Shareholder-employees of S corporations have had agreements where the employee drew an unreasonably low salary from the corporation, but had an arrangement where the corporation would pay out distributions equal to what their actual salary should have been.
Payroll tax audits will occur for these corporations if the IRS agents believe that the employees have unreasonably low compensation, and high amounts of distributions. The IRS and the tax court system have re-characterized these distributions as wages, meaning that FICA tax assessments, interest, and penalties apply. A recent decision made by the US Court of Appeals for the Eight Circuit reaffirms the IRS re-characterization of S corporation distributions as wages.
Not all cases of distributions are the result of the practice of decreasing wages paid and increasing distributions to reduce FICA taxes. These distributions can occur because the shareholder-employee may be uncertain on how to establish a salary. The S corporation’s income or losses are divided up and passes to the shareholders, who must report the income or loss on their individual income tax returns.
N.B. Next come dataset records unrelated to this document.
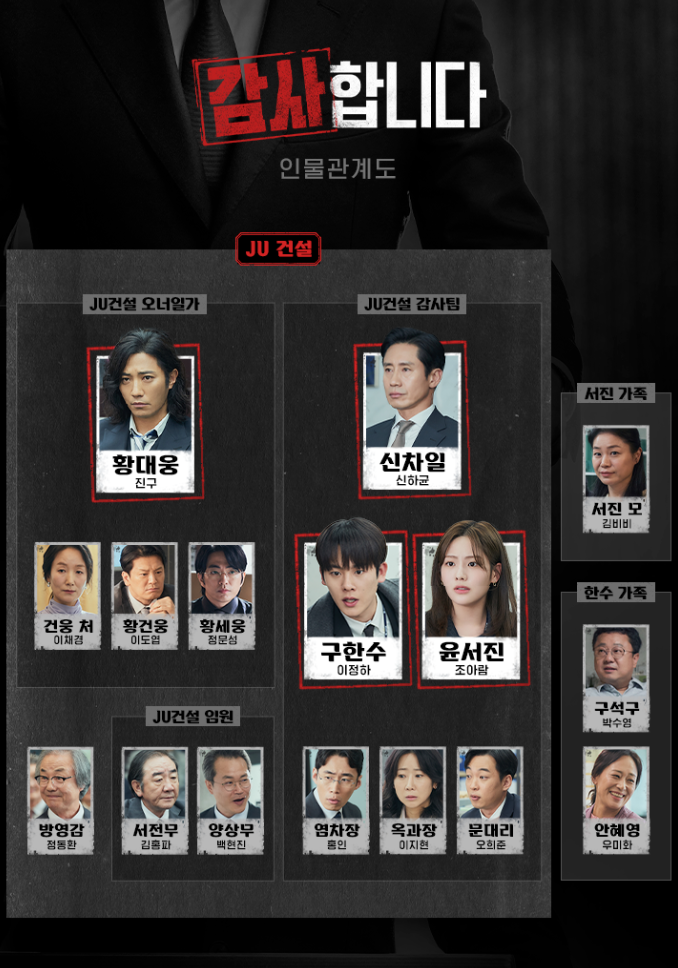 감사합니다 드라마가 첫 방송을 시작하는데요.화끈한 차일의 입사를 시작으로 비리 가득한 JU건설을 부정부패가 가득한 사람들을 찾아낼 것 같은데요.12부작으로 제작된 작품으로 스피드 있는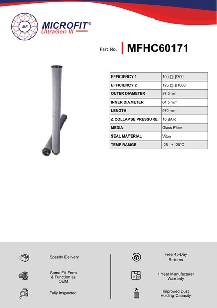 Genuine MICROFIT® UltraGen III MFHC60171 Coreless Filter. Engineered and manufactured in Great Britain the MFHC60171 is designed to meet or exceed the quality and performance of OEM quality standards, ensuring superior filtration performance and the longest possible filter life.Building on over 50 years of filtration expertise, the UltraGen III series is the third generation of MICROFIT® filter media, delivering exceptional efficiency and reliability.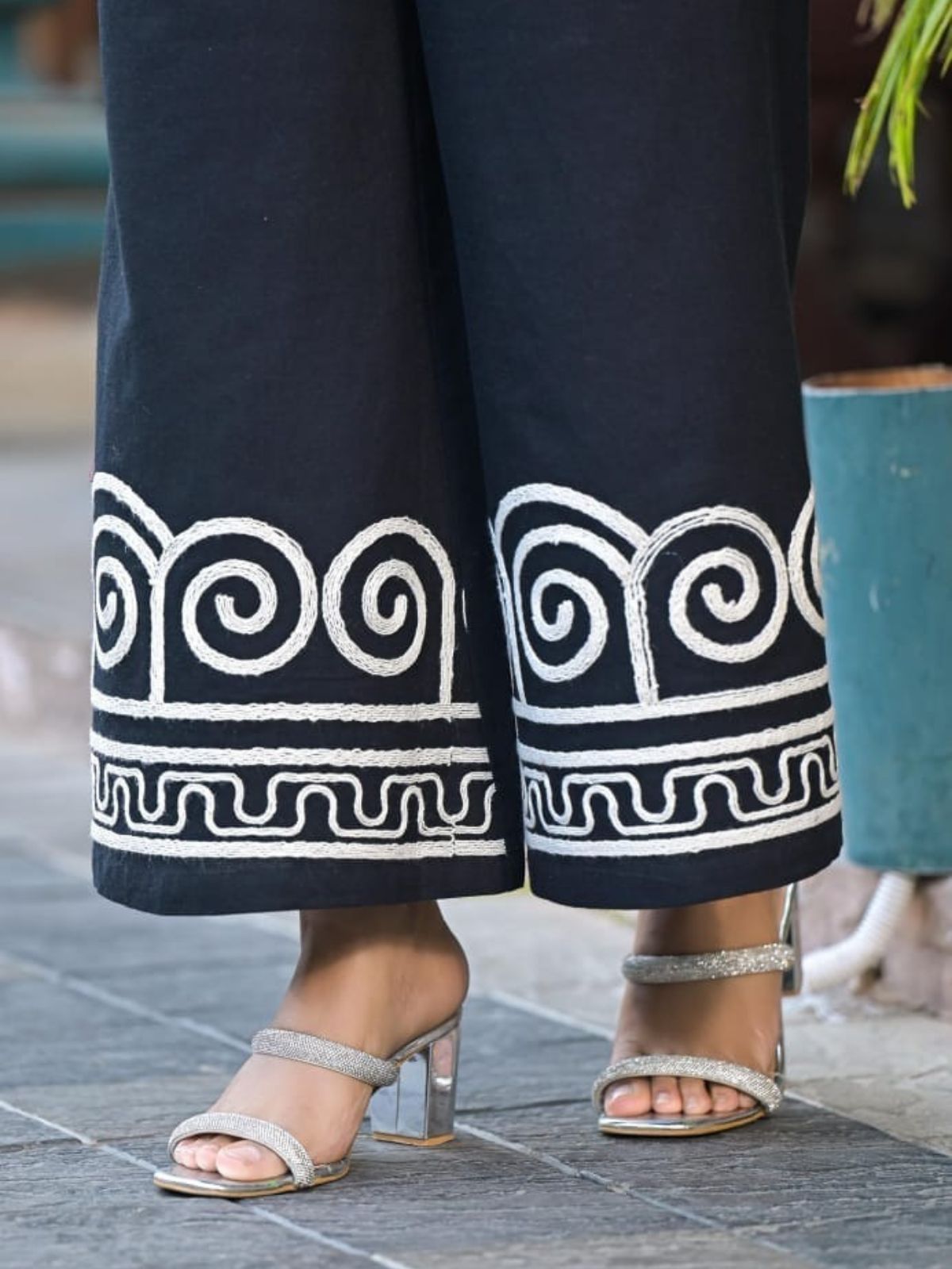 This beautiful women's cotton embroidery co-ord set will add flair to your wardrobe and be perfect for both casual get-togethers and parties. The half-sleeve top of this elegant set is perfectly embroidered and made of breathable, soft cotton. A sophisticated touch is added to your appearance with the top's fashionable spread collar design. All day long comfort and style are provided by the full-length bottom, which perfectly matches the top. This cotton co-ord set is perfect for warm weather because it keeps you cool while still looking stylish. the occasion, whether you're going to brunch, a party, or an easy day out, this flexible ensemble guarantees that you look effortlessly stylish. For a full look, pair it with your favorite heels or flats and a few simple accessories.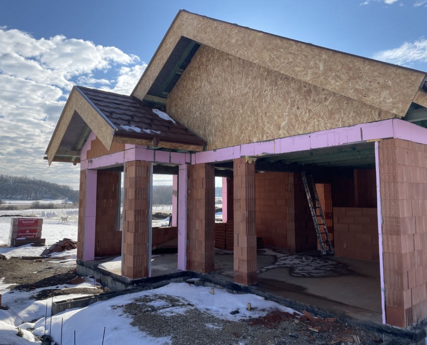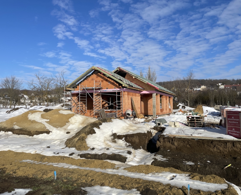 A 410 m²-es saját telekrészen elhelyezkedő ház modern, letisztult megjelenésű, téglaépítésű, 16 cm Austrotherm szigeteléssel ellátva – így egész évben optimális hőérzetet biztosít.

Shareholders may be unclear in how to properly report the income on their individual income tax returns.
Improperly reporting income or loss on individual income tax returns has consequences. For example, by under-reporting and not paying enough taxes, individuals are not paying the 15% Social Security tax. This will lead to problems when the individual retires and has a small amount of Social Security to live on. Companies are more likely to face a payroll tax audit if the shareholder-employees report unreasonably low wages.